In this study, protein adducts of diverse lipid peroxidation products were simultaneously labeled, enriched, characterized by LC-MS/MS analysis and assigned to specific protein sites. In total, we detected 49 distinct Michael-type protein adducts of lipoxidation products, identified 27 proteins containing 39 unique nucleophilic sites that were modified by six varieties of 2-alkenals. The proteins and modified sites identified in this study represent targets within the mitochondrial proteome that are susceptible to modification by electrophilic lipid peroxidation products. The majority of modified proteins identified (40 %) were members of the respiratory chain. The electron transport enzymes are both a major source of ROS within the mitochondria and in close proximity to a high concentration of polyunsaturated fatty acids present in the inner mitochondrial membrane. TCA cycle proteins comprised the second most abundant category of identified modified proteins at 19 %. A pie chart displaying the percentages of all identified proteins and modified sites is shown in Figure 5A. Eighty five percent of the 2-alkenal Michael type additions characterized were present on cysteine residues, while 12 % of the modification sites were found on histidine residue. Adduction to lysine residue was only once observed (Figure 5B). Our findings are in agreement with previous reactivity studies that indicate that the cysteine thiol is usually the most nucleophilic site in proteins compared to the imidazole and amino group. In the current study six different lipid peroxidation-derived 2-alkenals were identified with the following distribution: acrolein ≫ HHE, HNE >ONE, crotonaldehyde, hydroxyacrolein (Figure 5C).

Summary of the identified lipoxidation modifications on mitochondrial proteins. A. Pie chart displaying the mitochondrial proteins and amino acid residue sites identified with modifications by lipid peroxidation-derived 2-alkenals. B. Pie chart illustrating the percentage breakdown of the types of residues identified with Michael-type additions of lipid peroxidation-derived 2-alkenals. C. Pie chart indicating the percentages of the different types of lipid peroxidation derived 2-alkenals identified in this study.

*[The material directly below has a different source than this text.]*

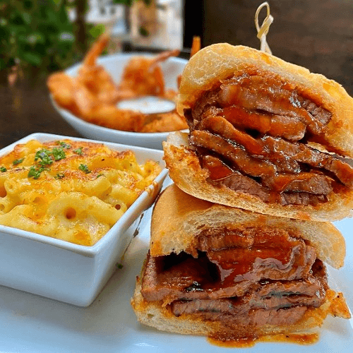 1/2 lb. Cheeseburger, pulled pork, onion rings, pickles, garlic aioli & house BBQ sauce. Served on a brioche bun

Acrolein modification of mitochondrial proteins

The Michael-type addition of acrolein to nucleophilic sites in proteins was the most common modification we identified in this profiling analysis. We observed acrolein modification on 26 out of the 27 proteins that were observed. Modification by acrolein comprised a total of 84% of the 2-alkenal modifications observed (Figure 5C). Acrolein is formed via multiple routes, e.g. during metabolism of allyl compounds, lipid peroxidation of polyunsaturated fatty acids, and the amine-oxidase mediated degradation of polyamines [20, 51, 52]. Acrolein is known to be the most reactive of the α,β–unsaturated aldehydes [21]. In the current study, ARP-labeled acrolein adducts made up the majority of Michael-type adducts identified. A possible reason that contributed likely to the screwed dataset is that protein adducts of acrolein cannot form cyclic hemiacetals. Whereas, Michael-type adducts of 4-hydroxy 2-enal are partly present as cyclic hemiacetals that are in equilibrium with the open-form aldehyde [21]. The ARP labeling strategy will only label the open-form aldehydic adduct which may lead to a possible underrepresentation of 4-hydroxy 2-enal adducts in the current study. Uchida et al. reported the formation of N^ε-(3-formyl-3,4-dehydropiperidino) lysine (FDP-Lys) as a reaction product between acrolein and Lys residues [51]; however, in the present study we were not able to detect FDP-Lys adducts.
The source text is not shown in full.